There are various types of laser procedures your Erie Retinal Surgery physician may use to treat  diseases of the retina and macula. The 3 most common types are laser retinopexy, focul, panretinal photocoagulation and macular focal laser photocoagulation.

1. Laser retinopexy (treatment of retinal tears and retinal detachments)

When a retinal tear or a small retinal detachment occurs, laser treatment may be applied to prevent further accumulation of fluid beneath the retina and minimize the risk of a vision-threatening retinal detachment. The laser is applied around the retinal defect. Over the course of a few weeks, the treated area develops a scar, which forms a tight seal between the retina and the underlying tissue. This procedure is sometimes performed around weak areas in the retina, such as lattice degeneration, in patients who may be at higher risk for retinal detachment.

2. Panretinal photocoagulation (for diabetic retinopathy and retinal vascular disease)

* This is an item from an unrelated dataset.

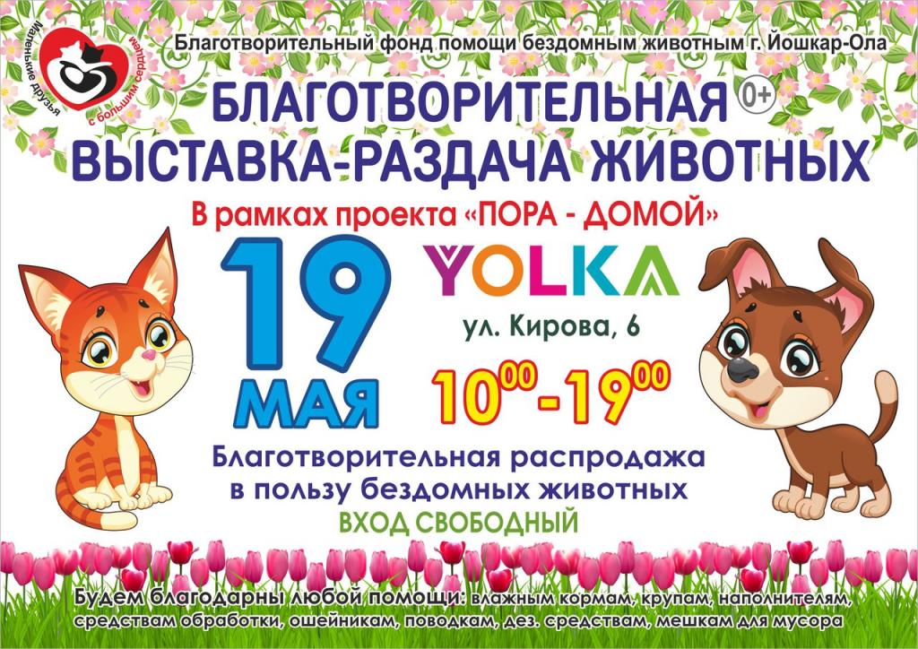 В субботу, 19 мая, в ТРЦ Yolka состоится выставка-раздача бездомных животных. Благотворительный фонд «Маленькие друзья с большим сердцем», в рамках проекта «Пора домой», пристраивают кошек и собак, котят и щенков в добрые руки. Все животные привиты и практически все — стерилизованы.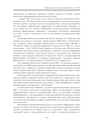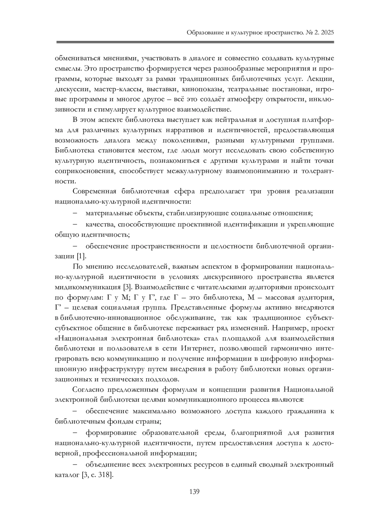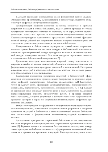 4. Тикунова И.П. Библиотечная цифровизация как мейнстрим научного дискурса / Библиотековедение. 2022. Т. 71. № 2. С. 217-223. EDN: ZTTQXV

In cases of advanced diabetic retinopathy or other forms of retinal vascular disease (e.g., retinal vein occlusion), abnormal new blood vessels grow that can damage the retina. These new pathologic blood vessels – if left untreated – can permanently damage the retina and cause irreversible vision loss by causing bleeds (vitreous hemorrhage), retinal detachment and swelling of the retina. Panretinal photocoagulation, also known as PRP, involves the application of laser to areas of the peripheral retina with poor blood flow (ischemic). The resulting laser scars prevent new blood vessel formation in the hopes of preserving central vision.

3. Focal Laser

Macular edema is treated with laser surgery. This procedure is called focal laser treatment. Your ophthalmologist places up to several hundred small laser burns in the areas of retinal leakage surrounding the macula. These burns slow the leakage of fluid and reduce the amount of fluid in the retina. The surgery is usually completed in one session. Further treatment may be needed.